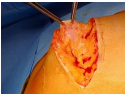
Figure 2: Highlighting, opening and dissection of the eventration sac

Next, figures 2-7 show the different stages of the open operation to solve the recurrence of eventration by using the existing mesh.
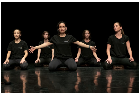
Karul Projects performing at the Judith Wright Centre of Contemporary Arts
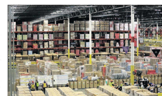
Workers gather Monday in a section packed high with merchandise at Amazon.com's fulfillment center in DuPont, Wash.

By MAE ANDERSON AP Technology Writer NEW YORK — Shoppers traded bricks for clicks on Monday, flocking online to snap up "Cyber Monday" deals on everything from cashmere sweaters to Star Wars toys. Now that shoppers are online all the time anyway, the 10-year-old shopping holiday has lost some of its luster as online sales on Thanksgiving and Black Friday pick up. But enough shoppers have been trained to look for "Cyber Monday" specific sales to ensure the holiday will still mean big bucks for retailers. It's too early for sales figures, but Monday is still expected to be the biggest online shopping day ever, likely racking up more than $3 billion in sales, according to research firm comScore. As of 7 p.m. Monday, Adobe estimated Cyber Monday sales would rise 12 percent to $2.98 billion by the end of the day. A more complete picture of Cyber Monday sales will be available when comScore releases figures on Wednesday. "A lot of people wait to see if deals are better on Cyber Monday," said Forrester Research analyst Sucharita Mulpuru.
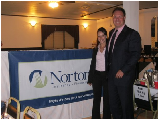
Norton Insurance · Financial

---

| Task goal |
Pull out every line in the material above where "eventration" occurs.

| Your solution |
Figure 2: Highlighting, opening and dissection of the eventration sac
Next, figures 2-7 show the different stages of the open operation to solve the recurrence of eventration by using the existing mesh.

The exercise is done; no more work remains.